| 1) Original Question & Solution | (Unit Five – Quadratic Functions & Equations: Skills Check, Question #5) |
| a) Original Question |  |
| b) Original Solution |  |
| c) Reflection | When I got the original solution, I was not aware that you needed to complete the square in order to find the final solution; I thought you could simply factor out the 5 and then get it into standard form but I soon discovered that it wasn’t possible because you would need a perfect square in order to get it into standard form. This was a broader conceptional error because I would have gotten the correct answer if I knew that the key component/ first step to getting the solution is to firstly start by completing the squares and not by factoring out the greatest common factor. |
| 2) Corrected Solution |  |
| a) Correct Solution | 1. The first step is complete the square; you would take 5x^2+20x (from the original question and factor out the 5 just from 5x^2+20x (not including the negative 10), so now you’re left with y=5(x^2+4x)-10.
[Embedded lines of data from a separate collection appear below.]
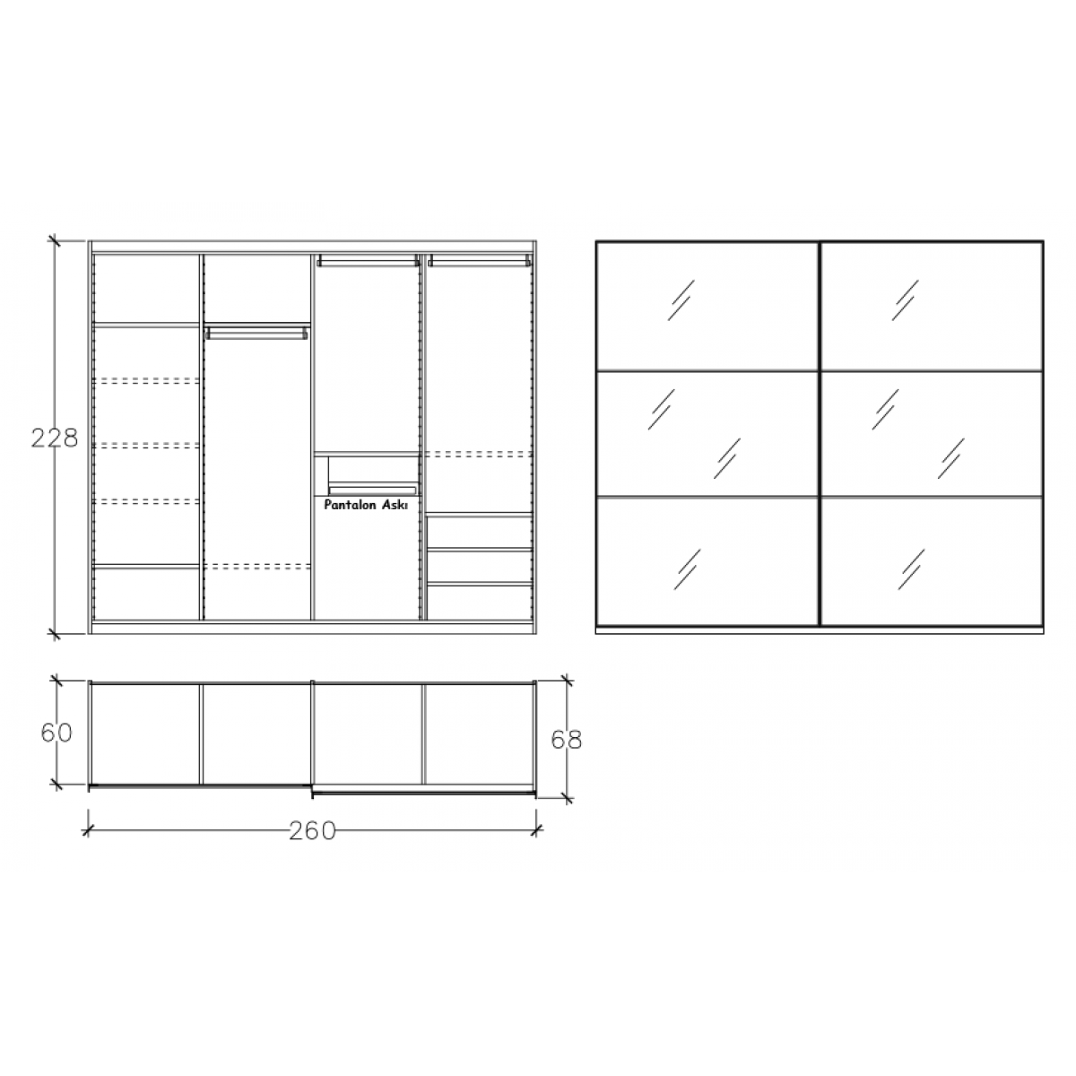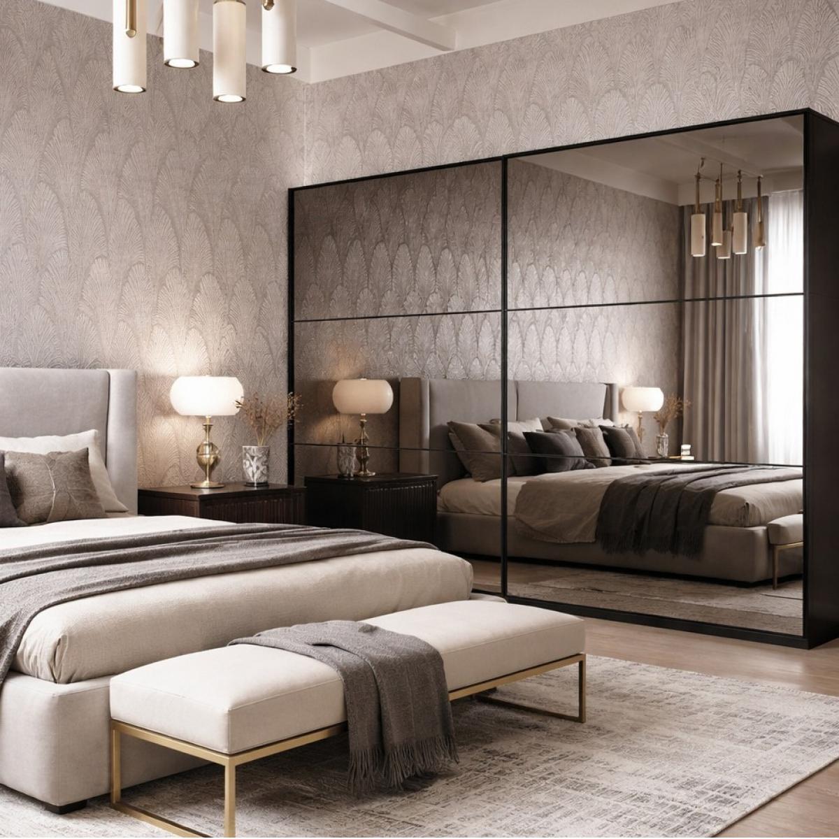 Als Luxus Schlafzimmer Schrank ist er dafür gemacht, tägliche Essentials aufzubewahren und dabei dennoch sauber und organisiert zu wirken. Die Front aus Spiegelglas erweitert optisch den Raum und sorgt für mehr Licht, was den Schrank praktisch für tägliche Ankleideroutinen macht. Das schlanke Frontdesign lenkt die Aufmerksamkeit auf den Spiegel und die architektonische Symmetrie der Anordnung.
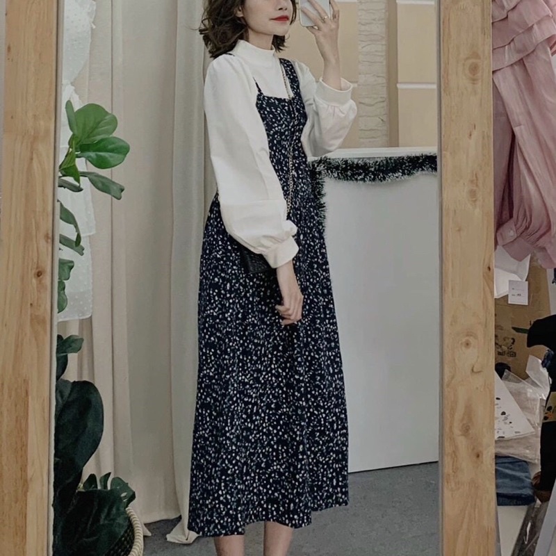Sét Áo Tay Dài Mix Yếm Hoa Dày Dặn 🦋FREESHIP 🦋Yếm Dáng Dài Kiểu Vintage Siêu Xinhh
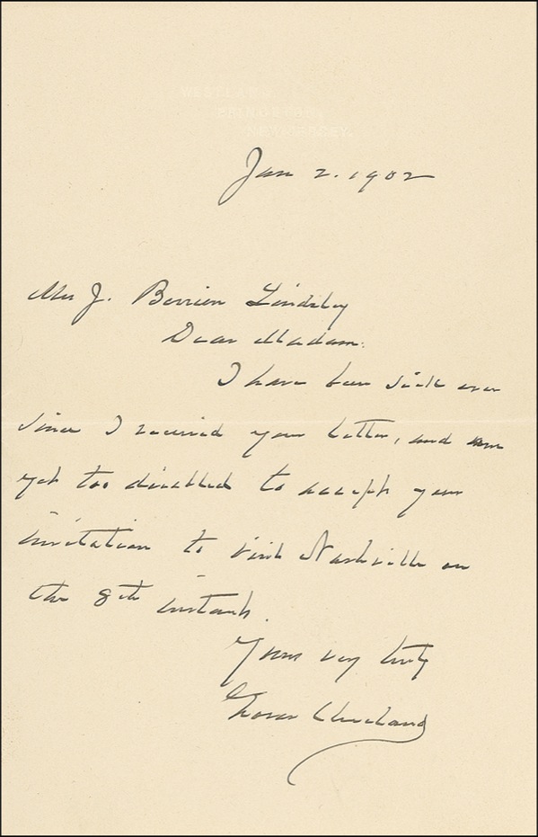 ALS, one page, 4.25 x 6.75, blind-embossed personal letterhead, January 2, 1902. Cleveland writes to Mrs. J. Berrien Lindsley in Nashville. In full: “I have been sick ever since I received your letter, and am yet too disabled to accept your invitation to visit Nashville on the 8th instant….” Accompanied by the original mailing envelope addressed in Cleveland’s hand. In very fine condition. Auction LOA John Reznikoff/PSA/DNA and R&R COA.
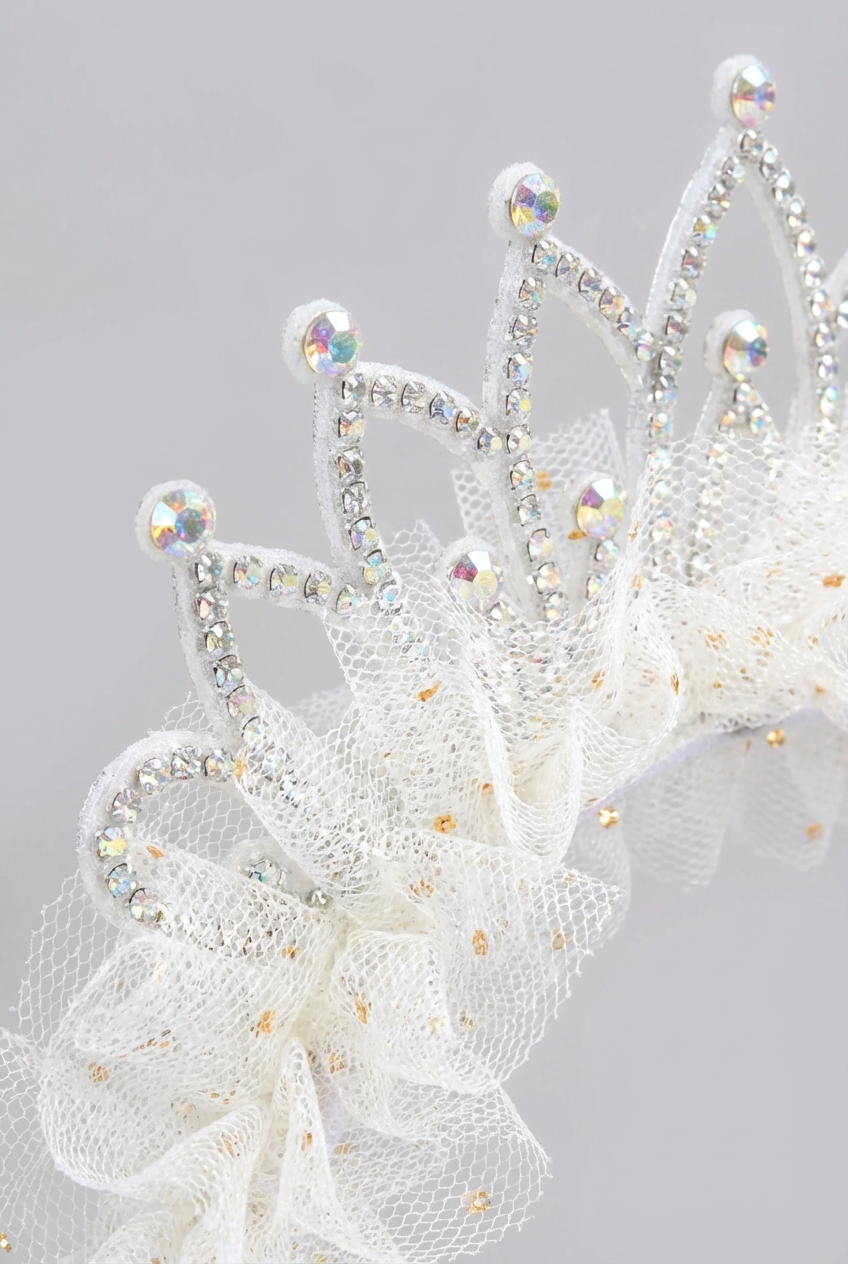 Gyllene Tyllkrona – Hårband för Flicka i Champagnefärg för Prinsessdrömmar och Festliga Stunder

2. Now, you need to completely complete the square; so, you would take the 2nd number factored in the bracket (in this case, 4) and multiply by ½ and then square it; (4 x ½) = 2^2 = 4. You’re now left with y=5(x^2+4x+4__)-10. 3. After, you have got to minus the value that you have just found inside the brackets as well (-4) because then it will balance it out making it equal, so that it won’t mess with the original values. Now, we’ve got y=5(x^2+4x+4-4)-10. 4. To complete the square, we have got to multiply the 5 by -4 to get it out of the bracket so we can form a perfect square; 5(x^2+4x+4)-20-10. 5. We are now able to simplify it by simplifying the numbers out of the bracket (-20-10) and forming the perfect square; we now will get the final solution, 5(x+2)^2-30. |
| 3) Core Competency Reflection | These past few mistakes as learning assignments have improved many of the core competencies; however, for this assignment specifically, my critical thinking has improved because it is needed to figure out each and every step and finding out exactly what I did wrong and finding the correct solution through each step, thoroughly by each detail; then, being able to teach it to someone by explaining my steps improved my understanding (even now). With that, I will also be analyzing my whole thought process and be able to see plenty of growth in my knowledge now. |